I say the suit was empty. I do not mean they found it disassembled,
as you or I would take it off - it was intact, like a headless steel
statue. I remember how they all puzzled how she got it off, or why she
rebuilt it afterwards.
But I know, or think that I know, unless it was all nightmare. She
had entered the building, despite the locked doors and window grids, all
of which were undisturbed. And despite everything, I cannot think that
she was wholly evil, even if it was a mere consequence of assimilating
mortal flesh and living amongst us. She came to kiss me goodbye, and
there was nothing mocking about that. But then - as I watched, I saw the
reality behind the armour. She had said she was resting, and getting "in
shape". Indeed, those were her words, and well-chosen.
For as she waved goodbye, I saw the TRANSFORMATION into what was
her native form.

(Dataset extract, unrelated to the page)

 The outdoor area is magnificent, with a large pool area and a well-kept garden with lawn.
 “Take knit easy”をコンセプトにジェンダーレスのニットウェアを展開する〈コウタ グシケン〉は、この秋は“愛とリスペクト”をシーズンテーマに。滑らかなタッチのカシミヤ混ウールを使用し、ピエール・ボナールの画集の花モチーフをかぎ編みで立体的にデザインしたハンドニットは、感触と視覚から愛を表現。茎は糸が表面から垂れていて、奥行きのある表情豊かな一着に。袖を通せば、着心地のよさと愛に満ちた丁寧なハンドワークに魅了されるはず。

Putty - a cascade of liquid fluff like a tumbling roll
of fur fabric spilling onto the floor - formless, boiling, seething,
primordial stuffing ! How she had laughed and smiled as she had ripped
the cushions open in her room and spilled their contents in tribute to
some dark and nameless God of Plush ! The shape - that slick of
unnameable Cuteness spreading out over the floor towards the ventilator
leading outside, before it ALL CAME TOGETHER AGAIN !
But the mind is a wonderfully healing thing. I have not told the
authorities of that last sight I had of her, for they would believe me.
They say that nothing moved out of Brussels, that that part of her tale
must have been a lie.
I do not think so. I would go to that blasted green bowl where
stood Unification Plaza, but I fear what I would find there.